> _Data for analysis_
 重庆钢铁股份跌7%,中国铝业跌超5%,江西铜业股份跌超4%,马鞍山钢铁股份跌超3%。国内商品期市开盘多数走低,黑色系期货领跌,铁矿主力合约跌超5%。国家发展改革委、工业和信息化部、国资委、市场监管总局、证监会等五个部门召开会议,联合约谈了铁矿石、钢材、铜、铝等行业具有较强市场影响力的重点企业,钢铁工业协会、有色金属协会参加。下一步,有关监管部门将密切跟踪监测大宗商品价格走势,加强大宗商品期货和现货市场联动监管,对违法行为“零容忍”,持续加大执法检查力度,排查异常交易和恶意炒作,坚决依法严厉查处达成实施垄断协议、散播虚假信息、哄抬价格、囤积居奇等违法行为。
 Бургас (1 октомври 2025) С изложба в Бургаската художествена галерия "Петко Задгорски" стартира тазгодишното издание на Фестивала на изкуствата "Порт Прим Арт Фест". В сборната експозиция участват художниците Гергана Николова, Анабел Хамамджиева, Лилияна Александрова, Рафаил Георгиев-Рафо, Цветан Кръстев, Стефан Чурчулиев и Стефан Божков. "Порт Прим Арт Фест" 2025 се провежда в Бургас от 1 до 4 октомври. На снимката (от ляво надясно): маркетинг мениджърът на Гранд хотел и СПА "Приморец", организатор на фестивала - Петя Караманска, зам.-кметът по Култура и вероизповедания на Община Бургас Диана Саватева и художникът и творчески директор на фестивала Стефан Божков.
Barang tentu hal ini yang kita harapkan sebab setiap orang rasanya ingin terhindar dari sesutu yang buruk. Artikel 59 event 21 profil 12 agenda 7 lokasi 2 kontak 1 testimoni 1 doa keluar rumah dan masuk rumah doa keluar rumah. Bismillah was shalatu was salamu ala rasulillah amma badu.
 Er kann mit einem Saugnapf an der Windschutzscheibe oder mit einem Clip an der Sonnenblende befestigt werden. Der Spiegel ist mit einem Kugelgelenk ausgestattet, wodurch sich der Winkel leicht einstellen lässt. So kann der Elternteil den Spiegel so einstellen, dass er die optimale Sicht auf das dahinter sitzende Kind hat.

==

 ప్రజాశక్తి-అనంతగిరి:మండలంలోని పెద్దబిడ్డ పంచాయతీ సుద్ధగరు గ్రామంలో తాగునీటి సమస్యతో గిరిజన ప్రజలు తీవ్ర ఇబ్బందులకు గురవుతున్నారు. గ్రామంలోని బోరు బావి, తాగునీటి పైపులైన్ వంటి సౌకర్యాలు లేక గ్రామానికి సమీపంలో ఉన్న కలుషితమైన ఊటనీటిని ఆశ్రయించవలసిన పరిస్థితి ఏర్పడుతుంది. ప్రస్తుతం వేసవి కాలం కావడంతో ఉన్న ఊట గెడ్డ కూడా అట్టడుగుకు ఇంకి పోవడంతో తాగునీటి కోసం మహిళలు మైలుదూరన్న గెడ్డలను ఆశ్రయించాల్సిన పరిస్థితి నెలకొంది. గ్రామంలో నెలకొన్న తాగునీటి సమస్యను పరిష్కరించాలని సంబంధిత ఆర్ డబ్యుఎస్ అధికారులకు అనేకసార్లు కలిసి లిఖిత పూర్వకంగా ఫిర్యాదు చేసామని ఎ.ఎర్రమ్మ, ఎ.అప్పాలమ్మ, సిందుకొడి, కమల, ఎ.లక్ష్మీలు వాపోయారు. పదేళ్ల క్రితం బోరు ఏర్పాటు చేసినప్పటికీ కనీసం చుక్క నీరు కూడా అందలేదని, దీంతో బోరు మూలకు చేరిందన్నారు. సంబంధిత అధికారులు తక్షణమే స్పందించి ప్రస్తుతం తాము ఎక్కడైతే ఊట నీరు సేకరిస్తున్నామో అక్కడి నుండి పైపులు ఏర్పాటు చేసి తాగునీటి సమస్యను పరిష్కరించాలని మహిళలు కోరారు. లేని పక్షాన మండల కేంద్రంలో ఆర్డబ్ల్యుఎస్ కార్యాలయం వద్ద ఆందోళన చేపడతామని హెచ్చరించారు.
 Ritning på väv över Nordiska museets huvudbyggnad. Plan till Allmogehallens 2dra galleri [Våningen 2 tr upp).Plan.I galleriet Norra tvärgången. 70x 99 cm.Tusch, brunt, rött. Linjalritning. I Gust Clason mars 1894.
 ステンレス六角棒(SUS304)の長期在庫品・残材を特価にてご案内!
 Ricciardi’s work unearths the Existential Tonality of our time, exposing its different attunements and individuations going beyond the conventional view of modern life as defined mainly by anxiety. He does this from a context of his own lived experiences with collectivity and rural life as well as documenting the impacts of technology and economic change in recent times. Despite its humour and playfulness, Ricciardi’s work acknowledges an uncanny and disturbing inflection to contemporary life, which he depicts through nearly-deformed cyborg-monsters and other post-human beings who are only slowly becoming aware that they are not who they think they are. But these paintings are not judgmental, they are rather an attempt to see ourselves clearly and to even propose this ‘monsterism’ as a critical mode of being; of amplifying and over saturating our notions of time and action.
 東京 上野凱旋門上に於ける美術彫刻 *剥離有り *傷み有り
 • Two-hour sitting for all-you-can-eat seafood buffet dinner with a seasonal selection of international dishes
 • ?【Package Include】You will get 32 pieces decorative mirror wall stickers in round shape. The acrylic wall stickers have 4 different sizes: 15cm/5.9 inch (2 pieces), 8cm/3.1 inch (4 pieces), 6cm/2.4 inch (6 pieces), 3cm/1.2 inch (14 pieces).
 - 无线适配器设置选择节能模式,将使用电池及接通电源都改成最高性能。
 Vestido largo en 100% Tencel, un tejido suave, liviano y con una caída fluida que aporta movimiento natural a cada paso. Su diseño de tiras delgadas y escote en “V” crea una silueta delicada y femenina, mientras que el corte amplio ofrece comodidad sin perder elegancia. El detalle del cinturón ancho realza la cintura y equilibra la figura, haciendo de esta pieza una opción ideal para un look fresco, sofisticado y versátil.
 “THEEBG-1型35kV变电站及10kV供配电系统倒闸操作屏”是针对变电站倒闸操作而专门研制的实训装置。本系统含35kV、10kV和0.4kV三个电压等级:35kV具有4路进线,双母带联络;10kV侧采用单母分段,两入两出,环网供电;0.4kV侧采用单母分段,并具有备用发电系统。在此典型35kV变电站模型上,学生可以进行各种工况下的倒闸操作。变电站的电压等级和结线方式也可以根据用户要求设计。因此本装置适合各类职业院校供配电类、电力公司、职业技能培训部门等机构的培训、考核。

...

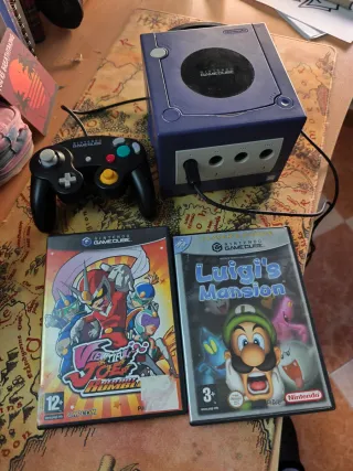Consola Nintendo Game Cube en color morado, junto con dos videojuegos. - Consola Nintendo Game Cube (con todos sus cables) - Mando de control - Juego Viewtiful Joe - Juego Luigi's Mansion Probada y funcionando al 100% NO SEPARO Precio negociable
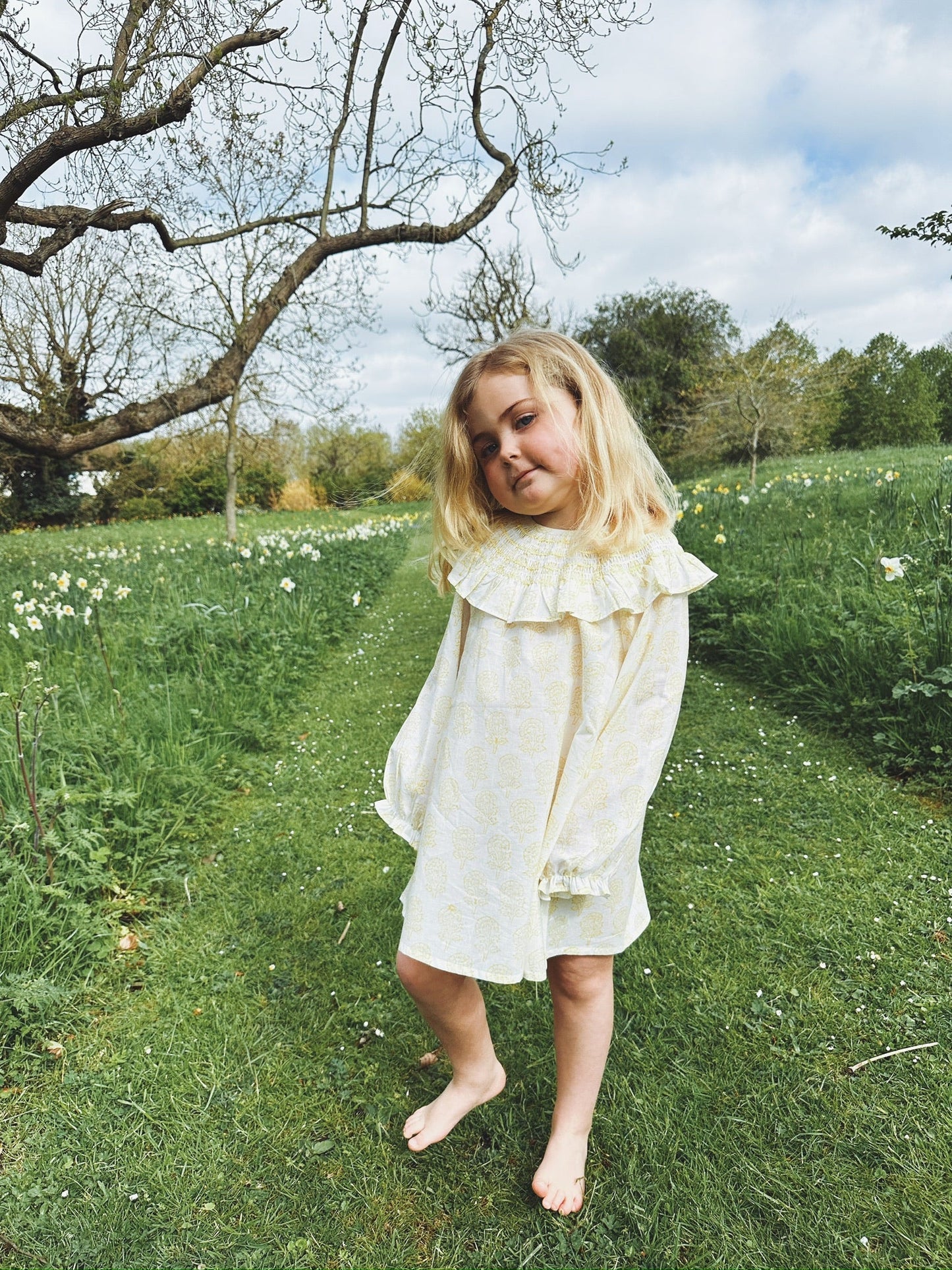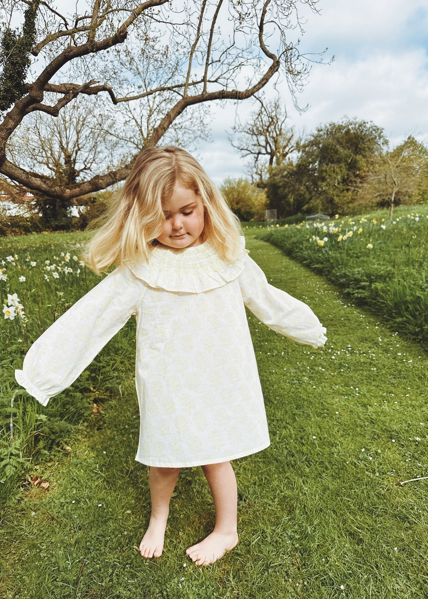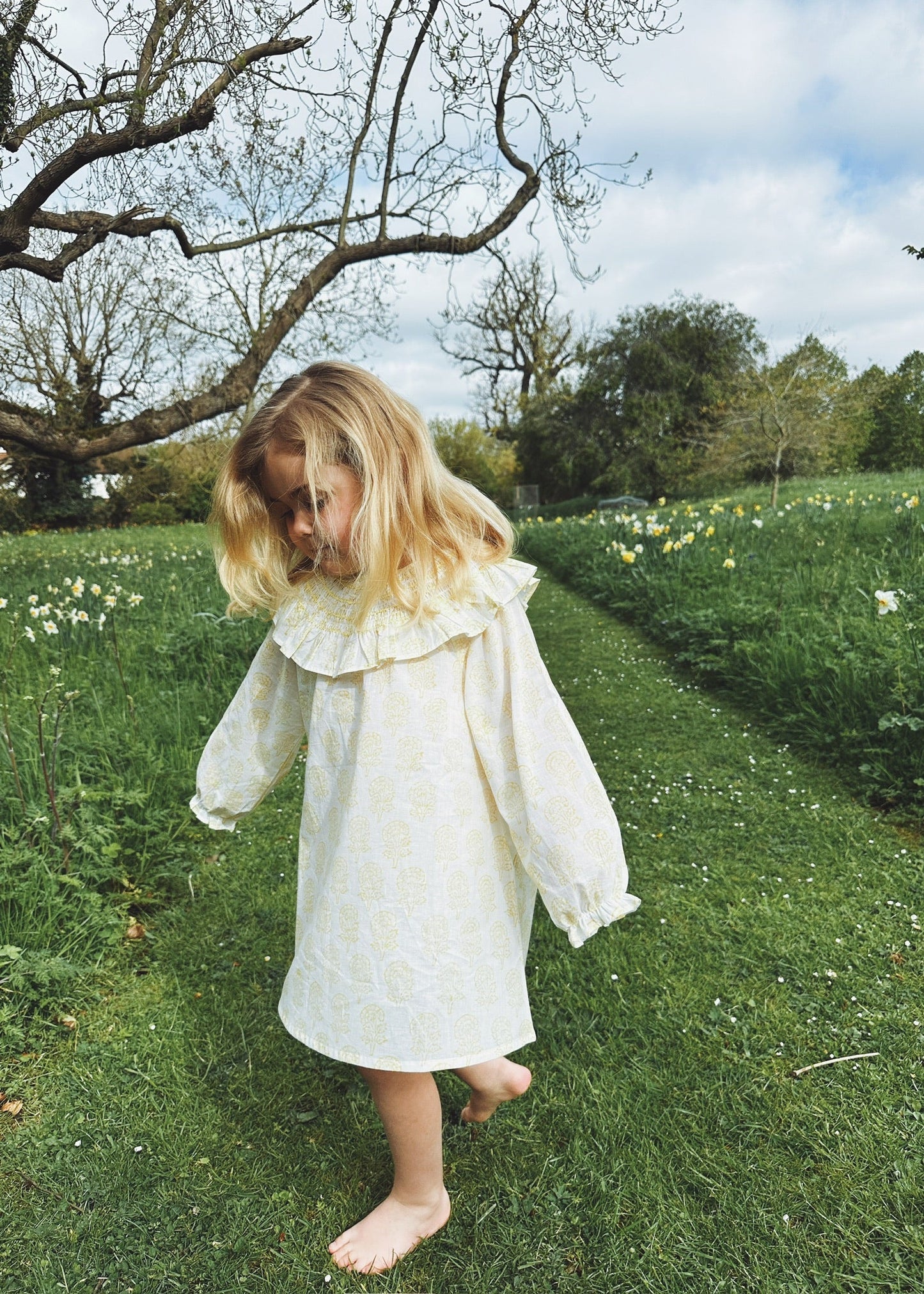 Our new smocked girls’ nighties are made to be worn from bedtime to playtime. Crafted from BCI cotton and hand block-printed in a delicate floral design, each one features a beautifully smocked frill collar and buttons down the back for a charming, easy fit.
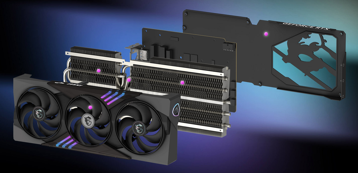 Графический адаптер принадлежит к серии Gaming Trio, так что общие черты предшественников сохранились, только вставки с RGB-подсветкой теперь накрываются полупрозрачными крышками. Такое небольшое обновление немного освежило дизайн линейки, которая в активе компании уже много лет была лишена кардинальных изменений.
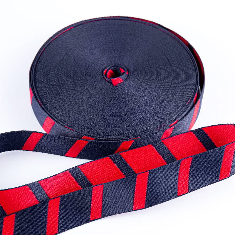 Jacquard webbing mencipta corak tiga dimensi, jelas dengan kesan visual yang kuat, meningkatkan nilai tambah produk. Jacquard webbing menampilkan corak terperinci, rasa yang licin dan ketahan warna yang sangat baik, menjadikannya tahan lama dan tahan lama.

> _Work to complete_
Using only the listing above, restate exactly the lines from the line containing "東京 上野凱旋門上に於ける美術彫刻 *剥離有り *傷み有り" through the line containing "- 无线适配器设置选择节能模式,将使用电池及接通电源都改成最高性能。", both included.

> _Exercise answer_
 東京 上野凱旋門上に於ける美術彫刻 *剥離有り *傷み有り
 • Two-hour sitting for all-you-can-eat seafood buffet dinner with a seasonal selection of international dishes
 • ?【Package Include】You will get 32 pieces decorative mirror wall stickers in round shape. The acrylic wall stickers have 4 different sizes: 15cm/5.9 inch (2 pieces), 8cm/3.1 inch (4 pieces), 6cm/2.4 inch (6 pieces), 3cm/1.2 inch (14 pieces).
 - 无线适配器设置选择节能模式,将使用电池及接通电源都改成最高性能。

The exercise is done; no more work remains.